Apple runs a tight ship. It is very particular about its hardware, and the user experience. It has stringent controls, and sometimes seemingly capricious or arbitrary guidelines restricting the types of apps that are allowed in the Apple App Store.
Some might say it is controlling, or that Apple policies and restrictions within iOS and for iOS app developers lean toward draconian. But, sometimes there are benefits to the “walled garden” approach.
Android users have been hit by more than 50 malicious Trojan apps that somehow made their way into the official Google Android Market. What is even worse is that these DroidDream malicious apps are able to bypass Android security controls and gain root access to the system–granting the malware almost limitless power to further infect or compromise the Android smartphone.

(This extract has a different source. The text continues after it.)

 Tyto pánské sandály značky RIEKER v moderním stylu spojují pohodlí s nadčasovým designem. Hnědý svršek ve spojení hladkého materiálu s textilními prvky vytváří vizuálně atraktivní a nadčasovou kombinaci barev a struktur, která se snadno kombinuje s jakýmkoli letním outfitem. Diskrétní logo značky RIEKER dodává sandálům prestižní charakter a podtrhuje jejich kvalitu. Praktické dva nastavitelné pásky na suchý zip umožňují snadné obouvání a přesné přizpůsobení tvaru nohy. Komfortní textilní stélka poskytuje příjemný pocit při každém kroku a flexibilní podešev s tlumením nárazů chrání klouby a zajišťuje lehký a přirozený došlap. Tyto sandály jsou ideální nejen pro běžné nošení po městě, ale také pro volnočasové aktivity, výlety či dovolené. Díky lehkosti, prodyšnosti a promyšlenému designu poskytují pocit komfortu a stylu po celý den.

Well, not only would the stringent app review process at Apple be more likely to uncover hidden malicious code like DroidDream, but the success of DroidDream is largely a result of the fragmented Android landscape. Google is on Android 2.3 Gingerbread for smartphones, and recently launched Android 3.0 Honeycomb for tablets. The vulnerabilities exploited by DroidDream to root Android were fixed in Gingerbread–which has been available for nearly three months. However, only about one percent of all Android devices have actually received the update to Gingerbread, and the rest are at the mercy of individual smartphone manufacturers to determine when–or if–they will get it.

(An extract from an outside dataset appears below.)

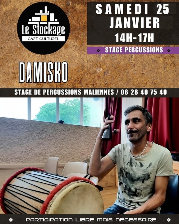 Prochain stage de percussions Maliennes au 𝕊𝕥𝕠𝕔𝕜𝕒𝕘𝕖 avec Damien Damisko le 14 décembre de 14h à 17h !!!
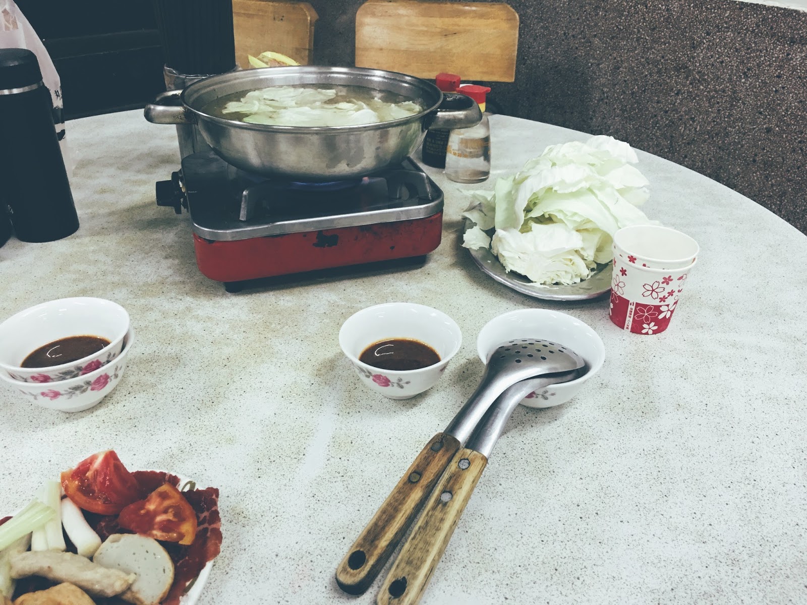 所以只拍了一張正在等湯滾的小豪州鍋子高麗菜和半盤火鍋料

Meanwhile, more than 90 percent of the iOS devices out there are running the latest version and anxiously awaiting the release of iOS 4.3 later this week. When iOS 4.3 is released, it will be available to virtually all iPhone, iPad, and iPod Touch devices (Verizon iPhones are already running a more current version of iOS than other devices and are excluded from the iOS 4.3 update for now).
The diversity of hardware, and the open software platform of Android are a double-edged sword. There are certainly benefits, but there is a problem when known vulnerabilities still exist in 99 percent of the Android devices because of device and OS fragmentation.